● Data for the task
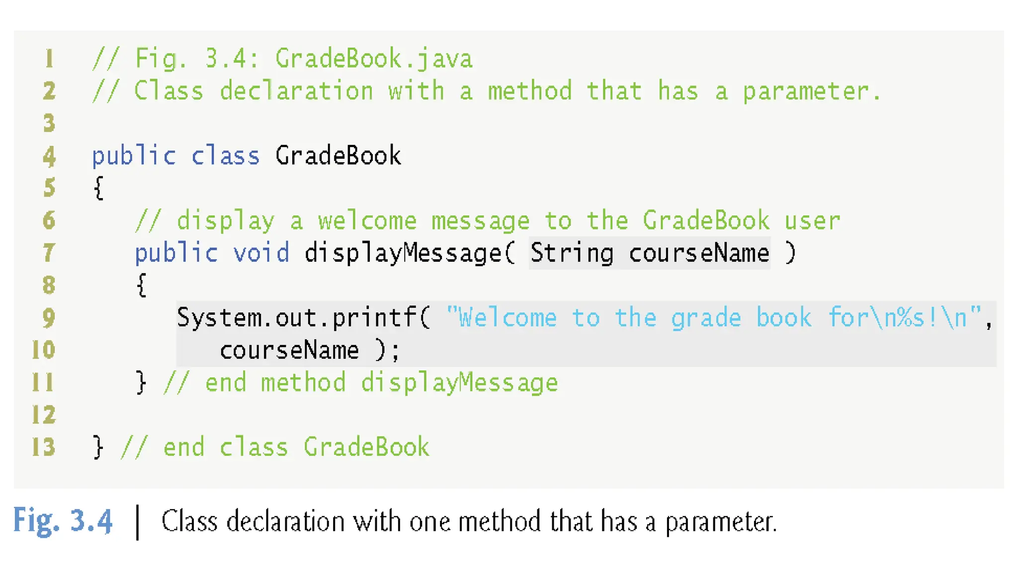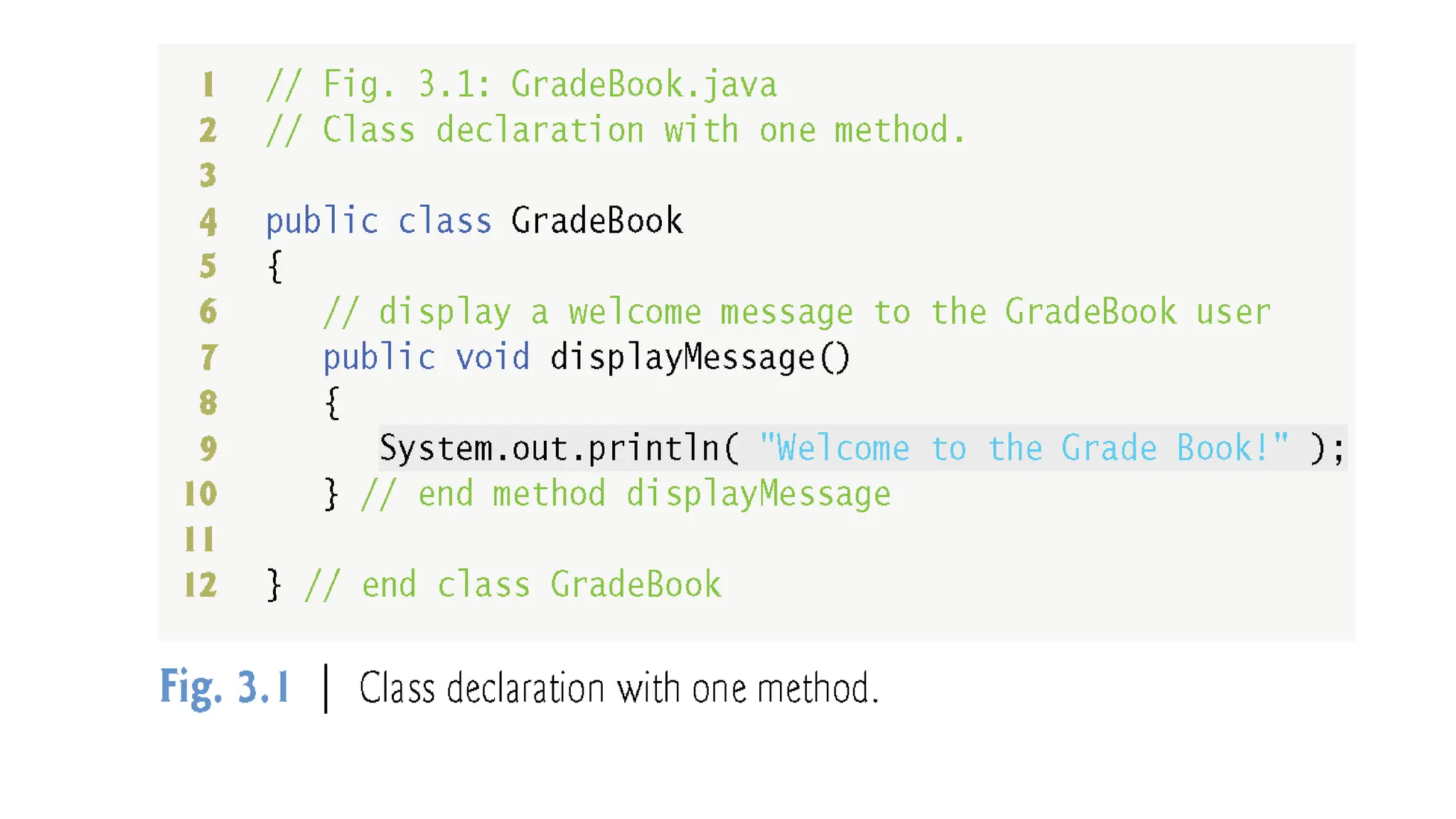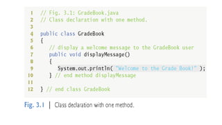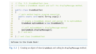 • The GradeBook class declaration (Fig. 3.1) contains a displayMessage method
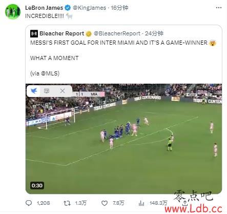 现场观战的詹姆斯转发了这个进球的视频,并写道:难以置信!!!??
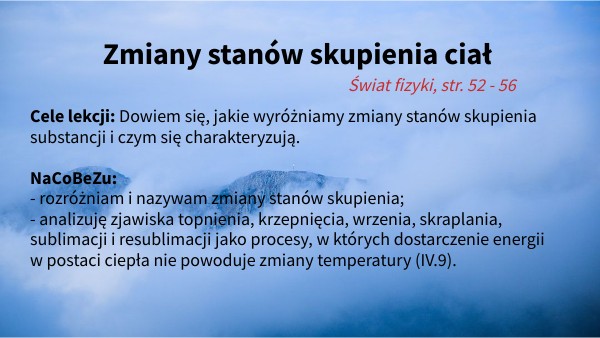 Cele lekcji: Dowiem się, jakie wyróżniamy zmiany stanów skupienia substancji i czym się charakteryzują. NaCoBeZu: - rozróżniam i nazywam zmiany stanów skupienia; - analizuję zjawiska topnienia, krzepnięcia, wrzenia, skraplania, sublimacji i resublimacji jako procesy, w których dostarczenie energii w postaci ciepła nie powoduje zmiany temperatury (IV.9).
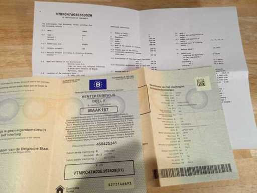 Inschrijvingsbewijs deel 1 en 2 aanwezig, gelijkvormigheidsattest copy
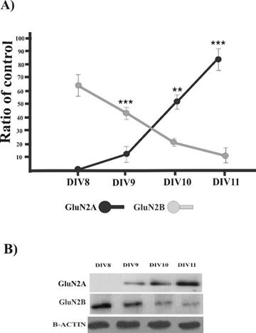 Figure 2. Time course of GluN2A and GluN2B subunits NMDAR subunits are exchanged in vitro during the early phases of neuronal maturation. A) Time course evaluation of GluN2A and GluN2B expression. GluN2A subunits (black) presented a progressive increase while GluN2B subunits (grey) showed a progressive decrease during the incubation period. Significant differences with respect to the initial evaluation condition were identified from 9 to 11 DIV for both NMDAR subunits. B) Representative western blots. N=5 experiments analyzed in triplicate. Values are mean +- SDand analyzed by non-parametric Mann Whitney test. **P<0.01 and***P<0.005 for differences between pairs of groups.
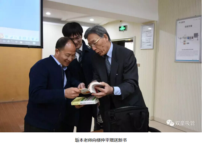 參(cān)觀完畢,大家來到九樓閣交流分享。首先,阪本老師向樓仲平贈送了他新出的兩本管理書籍(jí),並代表日本團隊由衷地對“.17c嫩嫩草色视频”的熱情貼心接待表達了感謝之情!
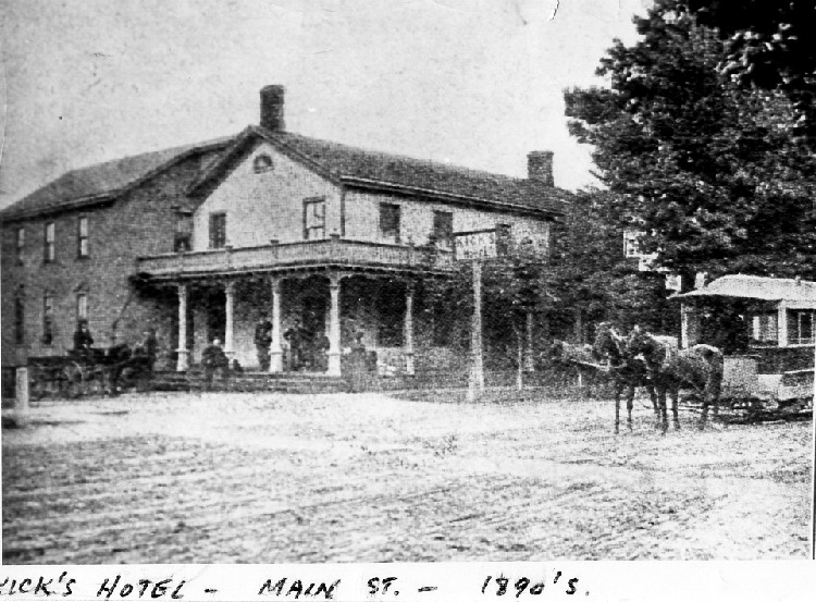 Kick's Hotel Main Street Niagara Falls, horse drawn streetcar to right
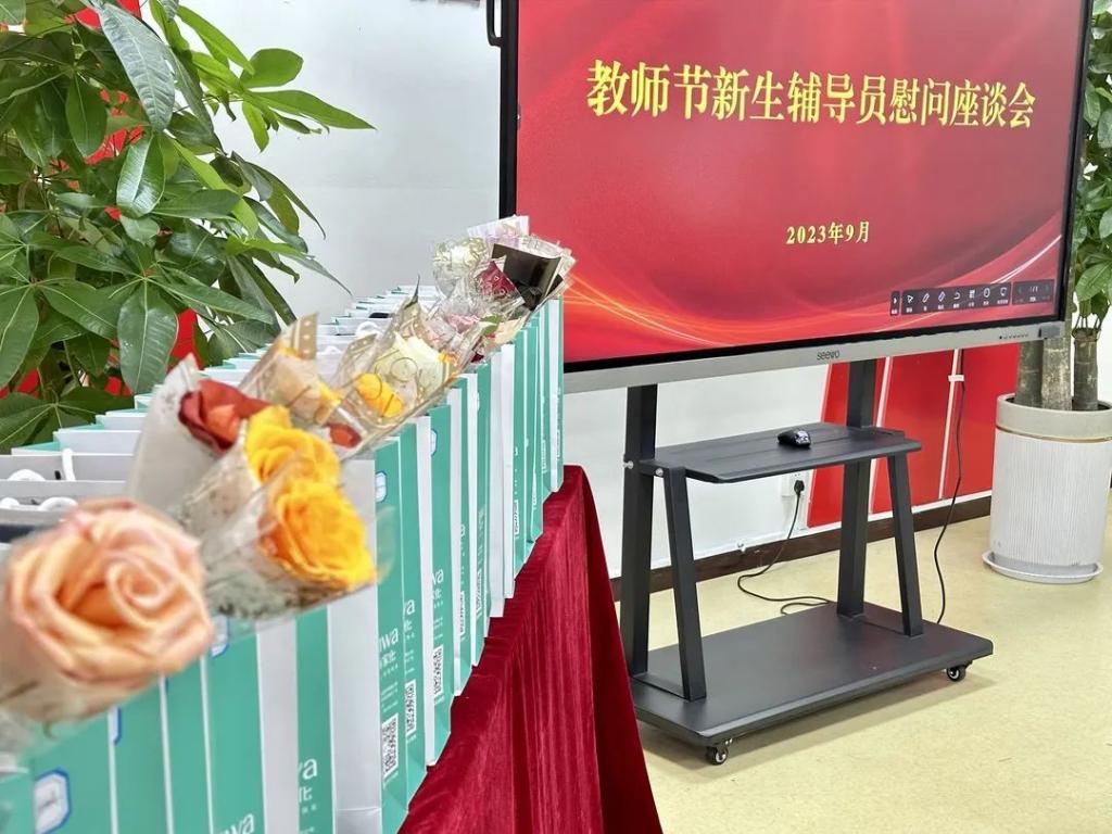9月8日上午,在第39个教师节到来之际,学校党委副书记、副校长姚文静走访慰问2023级新生辅导员们,向他们致以诚挚的问候和节日的祝福。慰问期间,姚校长为辅导员老师们送上鲜花和亲笔签名贺卡并亲切交谈,感谢他们在新生报到及军训期间的辛勤付出,希望他们做好新生健康成长的指导者和引路人。

● What you should do
Exactly as written, reproduce the lines from the beginning of the material through the line with "Cele lekcji: Dowiem", and skip any picture.

● Result of the task
 • The GradeBook class declaration (Fig. 3.1) contains a displayMessage method
 现场观战的詹姆斯转发了这个进球的视频,并写道:难以置信!!!??
 Cele lekcji: Dowiem się, jakie wyróżniamy zmiany stanów skupienia substancji i czym się charakteryzują. NaCoBeZu: - rozróżniam i nazywam zmiany stanów skupienia; - analizuję zjawiska topnienia, krzepnięcia, wrzenia, skraplania, sublimacji i resublimacji jako procesy, w których dostarczenie energii w postaci ciepła nie powoduje zmiany temperatury (IV.9).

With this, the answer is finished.